**YOUR TASK**
I need the lines from the one with "1月5日,河北省曲阳县永宁社" through the end of the material, copied exactly and with nothing else included.

**DATA FOR THIS EXERCISE**

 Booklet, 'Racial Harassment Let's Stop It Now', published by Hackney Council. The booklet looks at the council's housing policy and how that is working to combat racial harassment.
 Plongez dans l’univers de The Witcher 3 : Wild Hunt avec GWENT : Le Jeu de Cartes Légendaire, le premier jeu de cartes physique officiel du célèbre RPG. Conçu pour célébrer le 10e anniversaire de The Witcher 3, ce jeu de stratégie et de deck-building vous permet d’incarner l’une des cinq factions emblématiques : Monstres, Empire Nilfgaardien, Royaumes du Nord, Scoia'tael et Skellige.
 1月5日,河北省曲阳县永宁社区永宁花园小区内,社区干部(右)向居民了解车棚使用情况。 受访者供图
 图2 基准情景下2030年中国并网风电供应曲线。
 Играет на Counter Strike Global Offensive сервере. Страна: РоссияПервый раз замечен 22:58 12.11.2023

**SOLVED PROBLEM**
 1月5日,河北省曲阳县永宁社区永宁花园小区内,社区干部(右)向居民了解车棚使用情况。 受访者供图
 图2 基准情景下2030年中国并网风电供应曲线。
 Играет на Counter Strike Global Offensive сервере. Страна: РоссияПервый раз замечен 22:58 12.11.2023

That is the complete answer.